- [What you should do]:
Write out exactly the lines from the one holding "Раскладушка ПИНГВИН складная в чехле 185/65" to the last line of the entries, both ends included and nothing else, without the pictures.

- [Listed entries]:
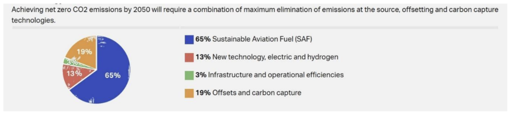 1.15. IATA estimates that SAF can contribute to 65% of the reduction in aviation emissions needed to achieve the net zero CO2 emission target by 2050 (IATA, Net Zero Roadmap, 2023).
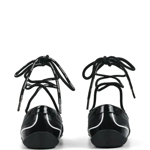 чёрные с завязками, круглый мыс, многослойный дизайн, плоская подошва
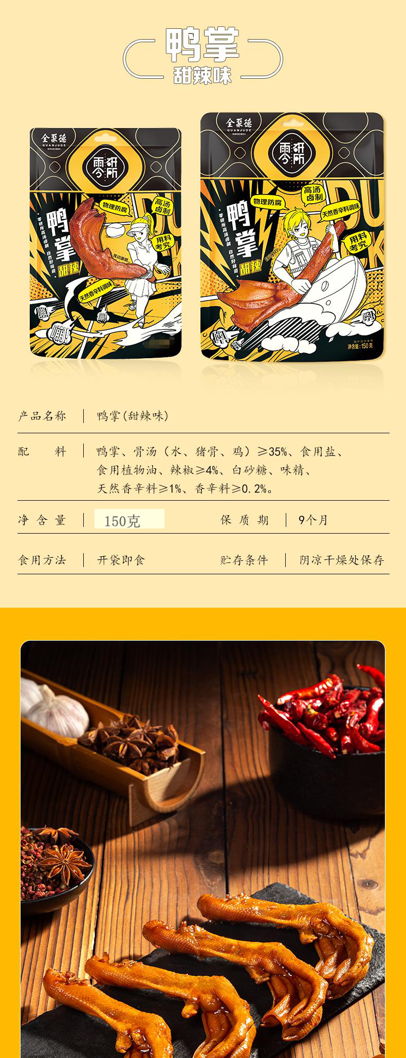 商品名称:全聚德零研所甜辣味鸭掌150g*3袋
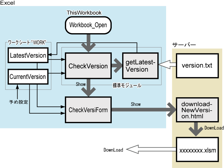 以上の準備をして、次の CheckVersion() を Workbook_Open() から呼ぶことになります。
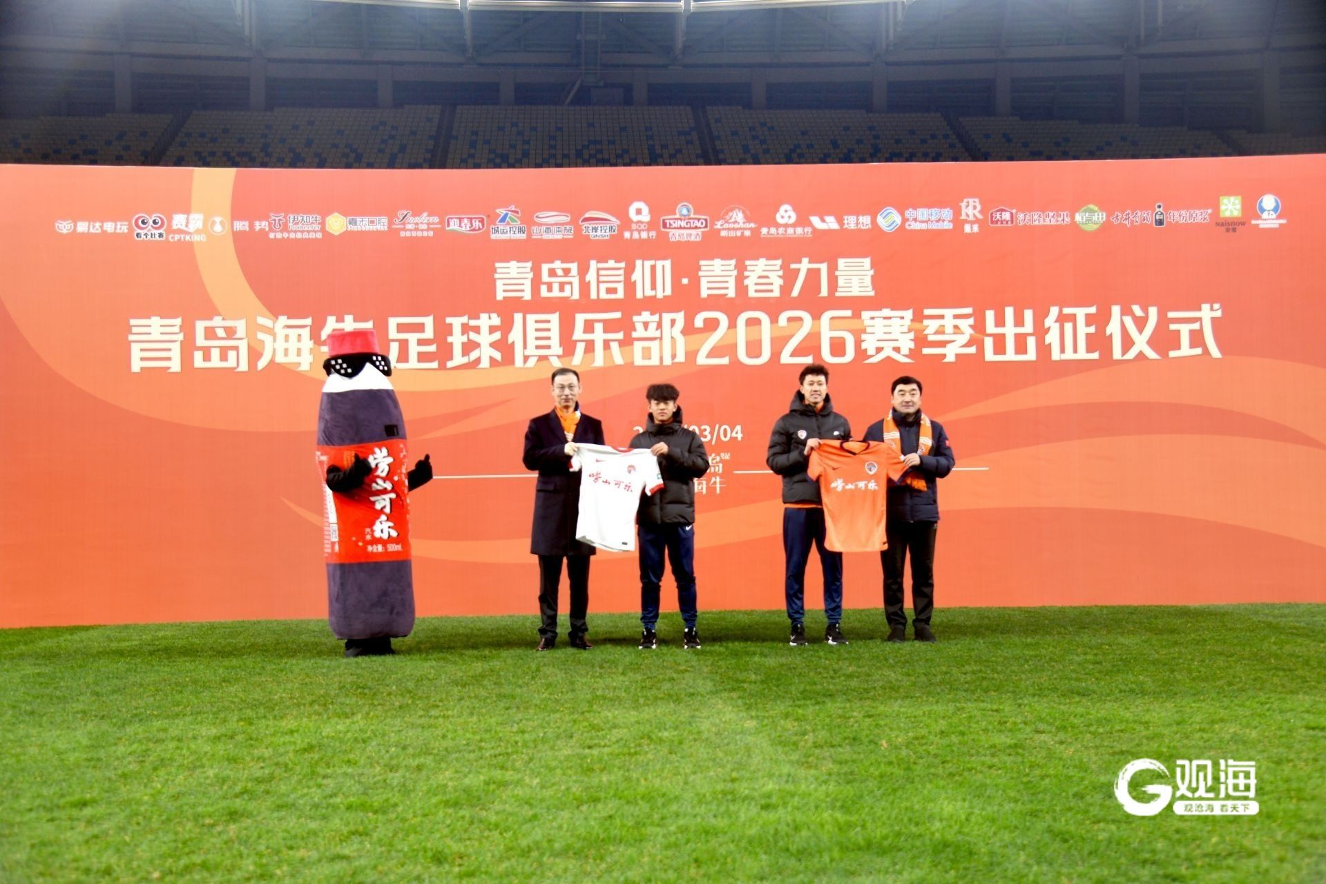 2026赛季,青岛海牛足球俱乐部将携手青岛本土品牌青岛啤酒、青岛饮料集团、青岛银行、青岛农商银行一同为这座城市的荣誉而战,出征仪式中,俱乐部与该4大品牌进行了签约仪式,携手向前。活动期间,新赛季球衣由部分球员展示,胸前广告“崂山可乐”首次亮相。
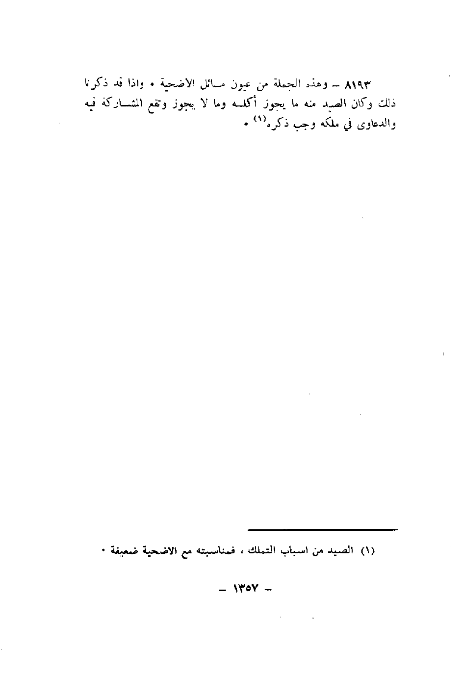 8193 - وهذه الجملة من عيون مسائل الأضحية. وإذا قد ذكرنا ذلك وكان الصيد منه ما يجوز أكله وما لا يجوز تقع المشاركة فيه والدعاوى في ملكه وجب ذكره.
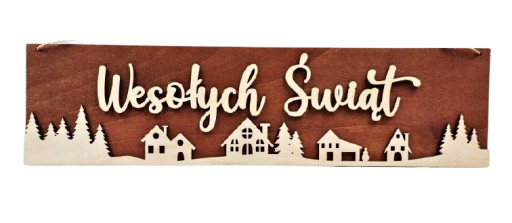 Drewniana tabliczka z napisem Wesołych Świąt.
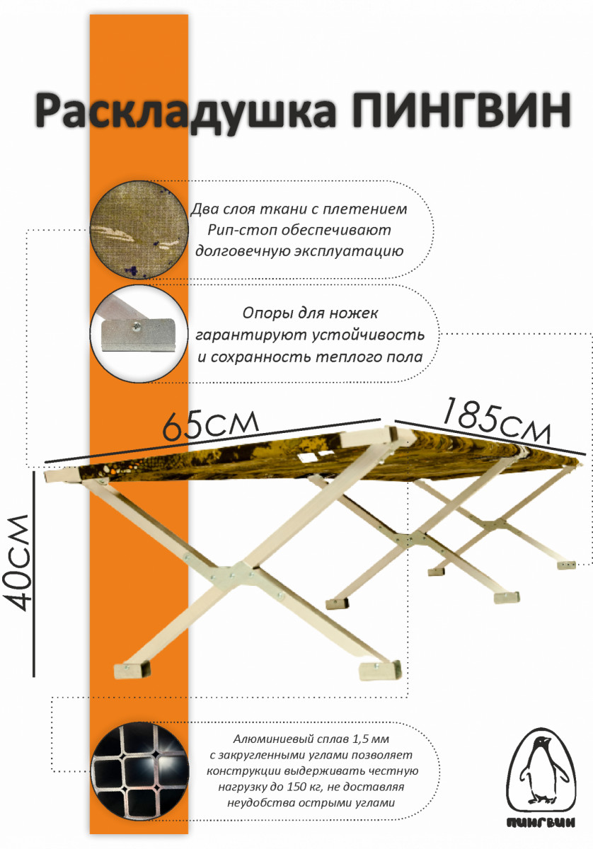 Раскладушка ПИНГВИН складная в чехле 185/65
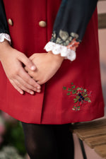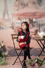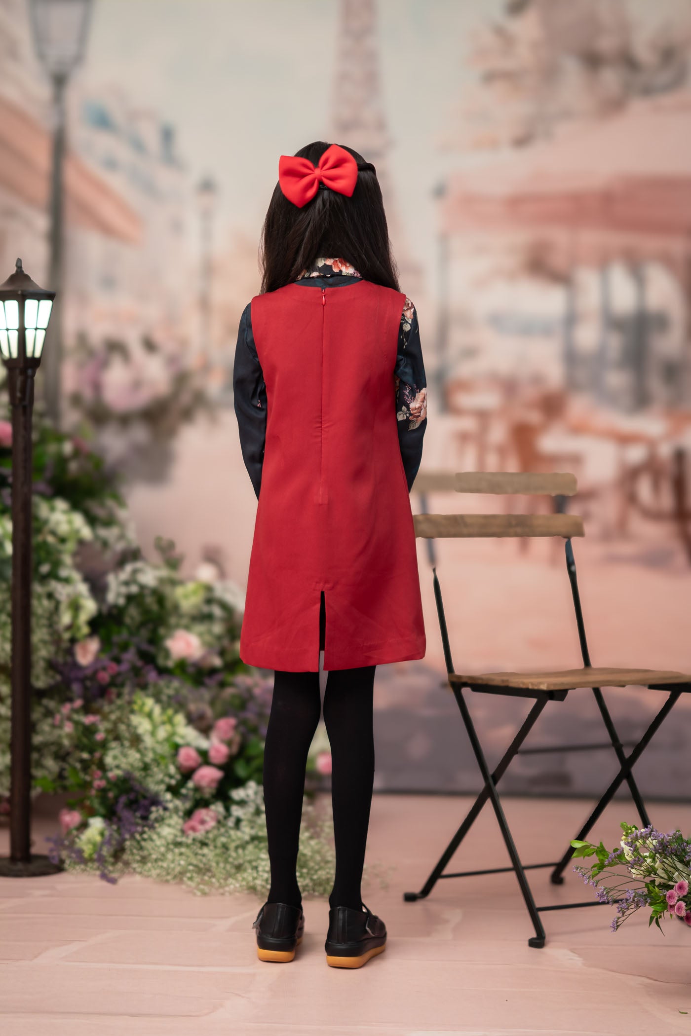 Dress your lil’ darling in the sweetest statement of the season. Berry Belle Joy exudes feminine charm and festive elegance. Crafted in a rich maroon hue and accented with gleaming golden buttons, it beautifully contrasts with a full-sleeved emerald green floral top that instantly catches the eye. The look is completed with a delicate front bow, adding just the right touch of joy. Perfect for celebrations, cozy gatherings, and every moment worth remembering [ ] Long back enclosure for ease of wear

- [Written answer]:
 Раскладушка ПИНГВИН складная в чехле 185/65
 Dress your lil’ darling in the sweetest statement of the season. Berry Belle Joy exudes feminine charm and festive elegance. Crafted in a rich maroon hue and accented with gleaming golden buttons, it beautifully contrasts with a full-sleeved emerald green floral top that instantly catches the eye. The look is completed with a delicate front bow, adding just the right touch of joy. Perfect for celebrations, cozy gatherings, and every moment worth remembering [ ] Long back enclosure for ease of wear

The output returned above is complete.